Researchers have suggested that the MMR live attenuated vaccine could be used to provide non-specific protection to patients against sepsis associated with COVID-19.

MMR vaccine

A new paper has suggested that administering the measles, mumps and rubella (MMR) vaccine could serve as a preventive measure to dampen septic inflammation associated with COVID-19. According to the researchers, mortality in COVID-19 cases is strongly associated with progressive lung inflammation and eventual sepsis.

The proposal was made by a team from the Louisiana State University Health School of Dentistry and Tulane University School of Medicine, both US. 

“Live attenuated vaccines seemingly have some non-specific benefits as well as immunity to the target pathogen. A clinical trial with MMR in high-risk populations may provide a low-risk-high-reward preventive measure in saving lives during the COVID-19 pandemic,” said Dr Paul Fidel, Associate Dean for Research at Louisiana State University Health School of Dentistry. “While we are conducting the clinical trials, I do not think it is going to hurt anybody to have an MMR vaccine that would protect against the measles, mumps and rubella with this potential added benefit of helping against COVID-19.”

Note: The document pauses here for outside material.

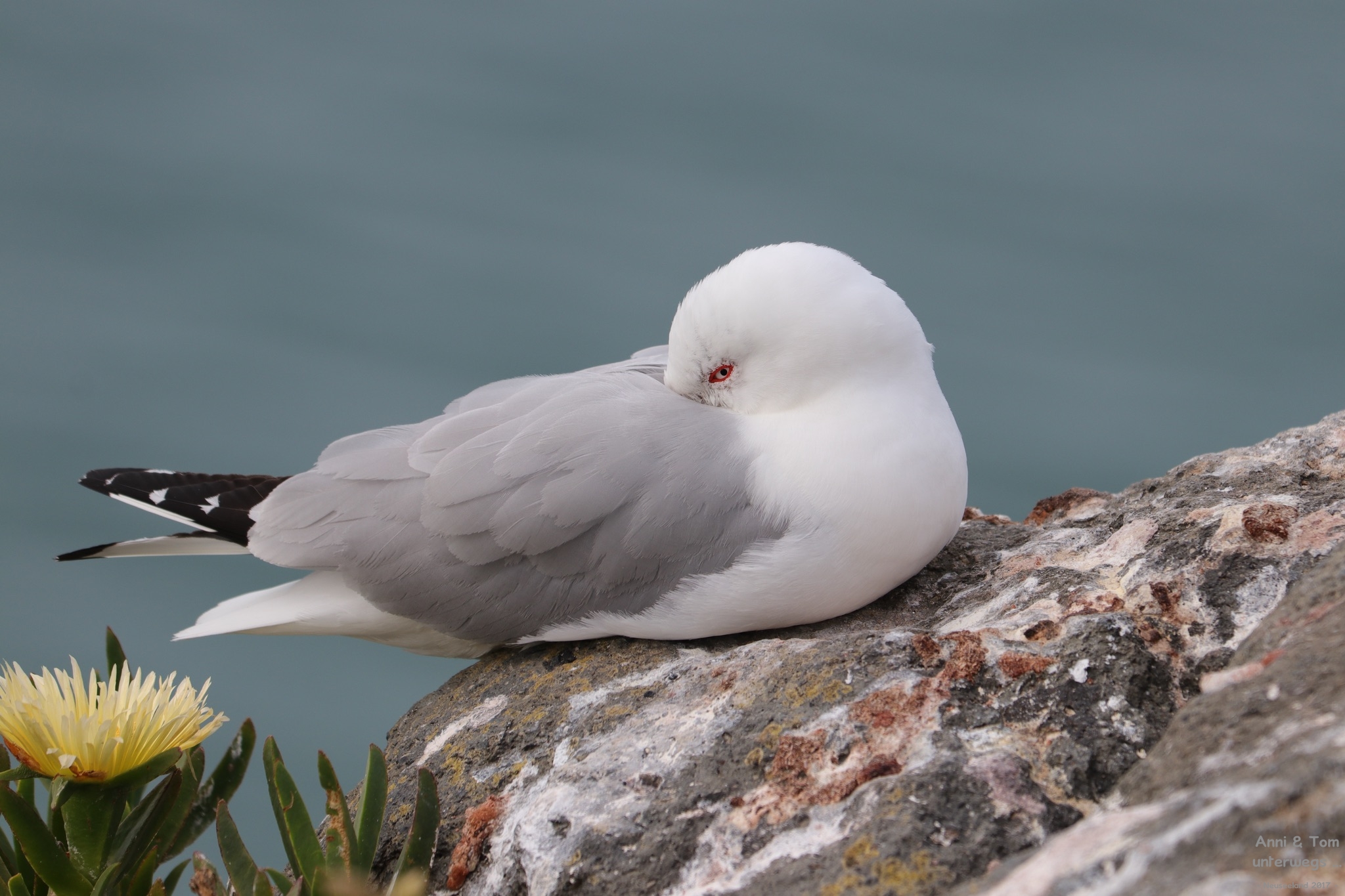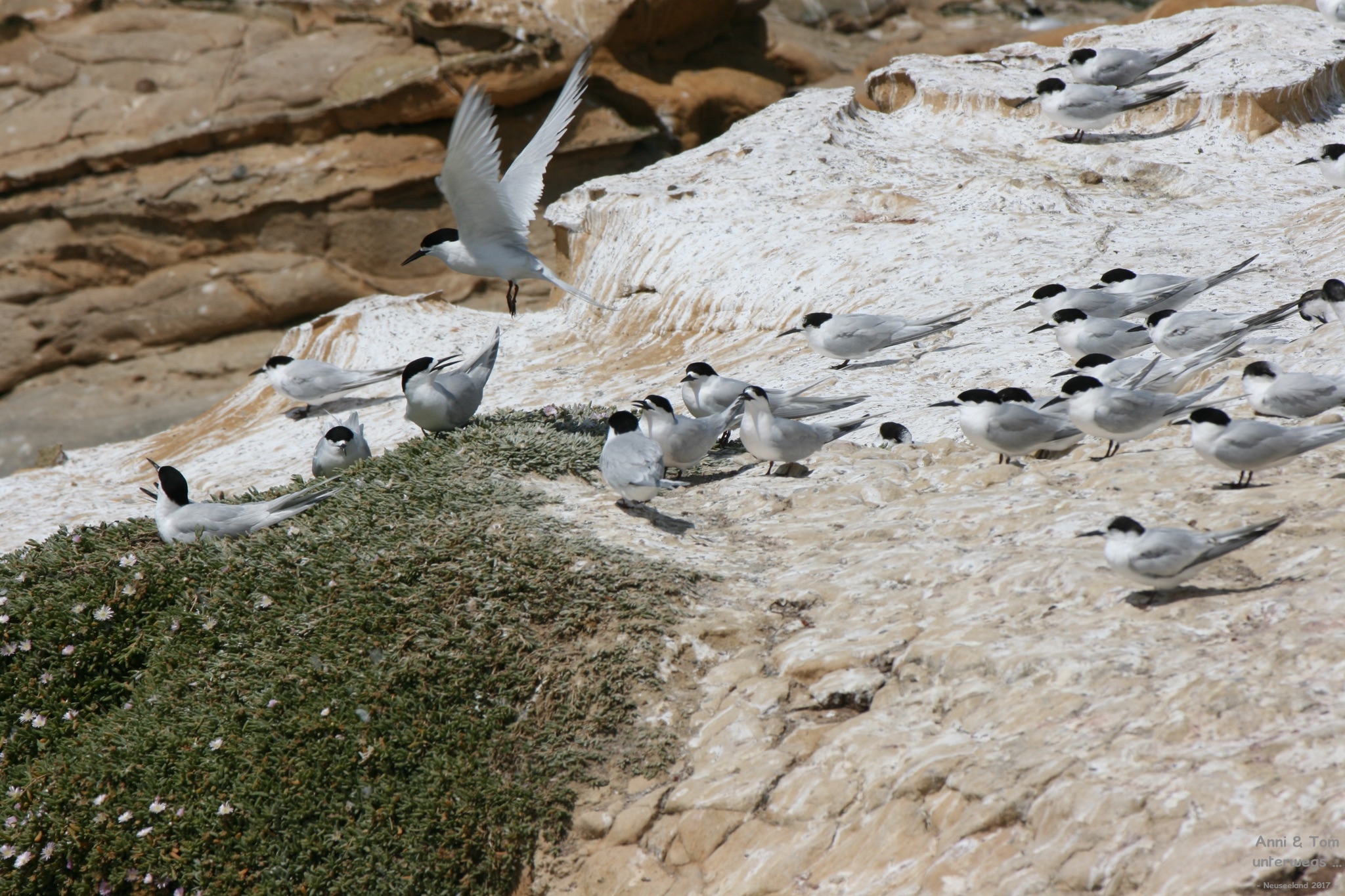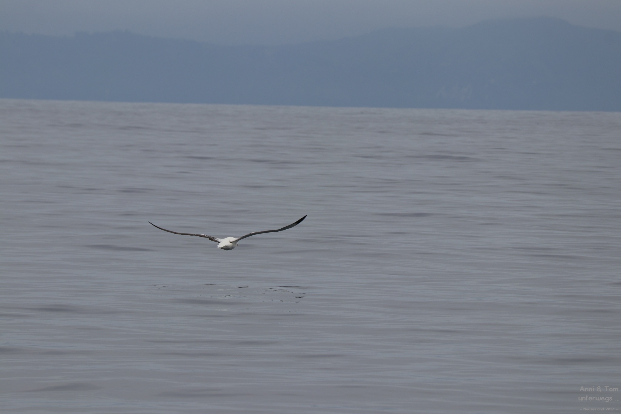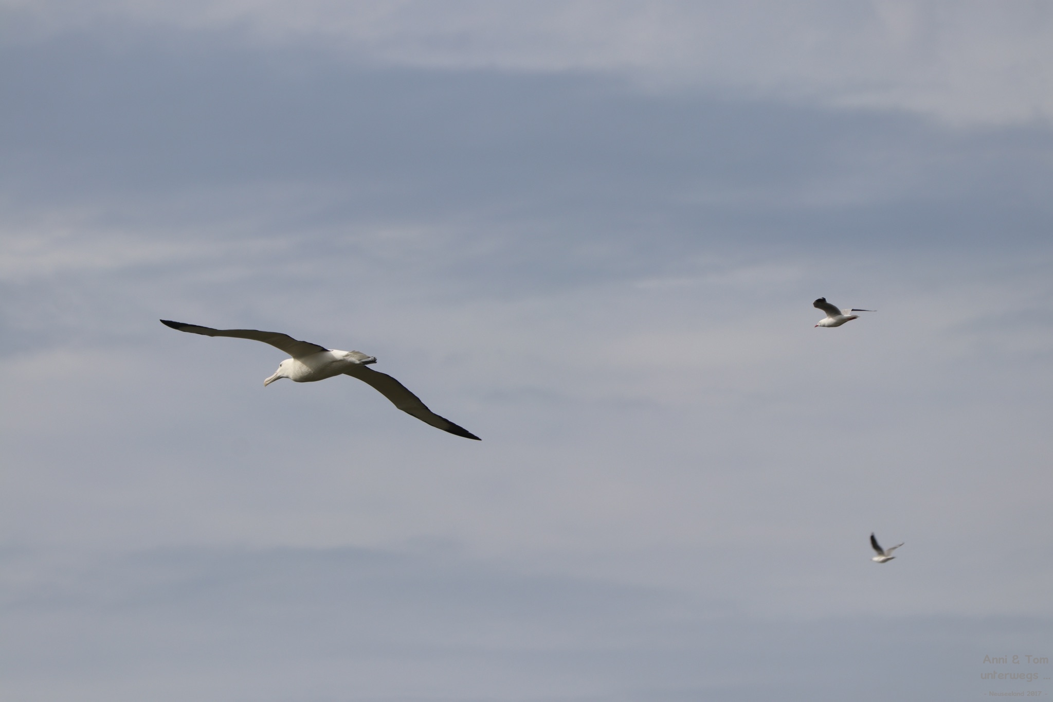 Zuerst geht es zum einzigen auf Festland gelegenen Albatrossbrutfelsen der Erde. Da es anfangs sehr windstill ist, sehen wir leider nur Möven und Kormorane; kurz vor der Weiterfahrt steigt die "Party" jedoch noch. Sobald genügend Wind aufkommt, zeigen die Männchen ihre Flugfähigkeiten, um den Weibchen zu imponieren - auch Party genannt.

The researchers highlight in their paper that mounting evidence demonstrates live attenuated vaccines provide non-specific protection against lethal infections unrelated to the target pathogen of the vaccine. This is through inducing trained non-specific innate immune cells for improved host responses against subsequent infections. Live attenuated vaccines induce non-specific effects representing ‘trained innate immunity’ by training leukocyte (immune system cells) precursors in the bone marrow to function more effectively against broader infectious insults.

In the laboratories of the researchers, vaccination with a live attenuated fungal strain-induced trained innate protection against lethal polymicrobial sepsis. The protection was mediated by long-lived myeloid-derived suppressor cells (MDSCs) which were previously reported to inhibit septic inflammation and mortality in several experimental models. The researchers say that an MMR vaccine should therefore be able to induce MDSCs that can inhibit or reduce the severe lung inflammation/sepsis associated with COVID-19.

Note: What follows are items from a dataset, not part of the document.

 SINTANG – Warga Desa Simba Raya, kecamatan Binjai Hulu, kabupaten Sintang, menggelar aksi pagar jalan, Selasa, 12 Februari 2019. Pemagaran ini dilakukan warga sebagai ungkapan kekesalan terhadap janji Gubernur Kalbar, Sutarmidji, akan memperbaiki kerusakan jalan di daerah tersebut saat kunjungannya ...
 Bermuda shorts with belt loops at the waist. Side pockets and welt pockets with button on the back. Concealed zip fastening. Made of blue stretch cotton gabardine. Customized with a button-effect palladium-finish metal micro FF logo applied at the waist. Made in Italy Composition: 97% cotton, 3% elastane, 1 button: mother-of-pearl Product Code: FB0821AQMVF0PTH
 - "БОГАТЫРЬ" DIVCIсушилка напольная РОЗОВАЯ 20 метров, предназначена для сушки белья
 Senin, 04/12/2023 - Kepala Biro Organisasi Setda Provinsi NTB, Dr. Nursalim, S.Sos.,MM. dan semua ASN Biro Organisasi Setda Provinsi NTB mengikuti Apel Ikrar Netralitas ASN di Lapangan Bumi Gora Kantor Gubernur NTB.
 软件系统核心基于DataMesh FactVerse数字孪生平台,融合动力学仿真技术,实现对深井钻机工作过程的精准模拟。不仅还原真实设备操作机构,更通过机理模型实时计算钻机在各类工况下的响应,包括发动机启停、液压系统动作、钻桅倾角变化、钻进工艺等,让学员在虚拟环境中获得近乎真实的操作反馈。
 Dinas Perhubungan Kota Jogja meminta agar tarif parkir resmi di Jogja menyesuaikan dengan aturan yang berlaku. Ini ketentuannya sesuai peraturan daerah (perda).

According to the researchers, epidemiological data suggest a correlation between people in geographical locations who routinely receive the MMR vaccine and reduced COVID-19 death rates – adding weight to their findings. COVID-19 has not had a big impact on children and the researchers hypothesise that one reason children are protected against viral infections that induce sepsis is their more recent and more frequent exposures to live attenuated vaccines that can also induce the trained suppressive MDSCs that limit inflammation and sepsis.

The team propose a clinical trial to test whether the MMR vaccine can protect against COVID-19. However, in the meantime, they suggest that all adults, especially health care workers and individuals in nursing homes get the MMR vaccine.

“If adults got the MMR as a child they likely still have some level of antibodies against measles, mumps and rubella, but probably not the MDSCs,” said Dr Fidel. “While the MDSCs are long-lived, they are not life-long cells. So, a booster MMR would enhance the antibodies to measles, mumps and rubella and reinitiate the MDSCs. We would hope that the MDSCs induced by the MMR would have a fairly good life-span to get through the critical time of the pandemic.”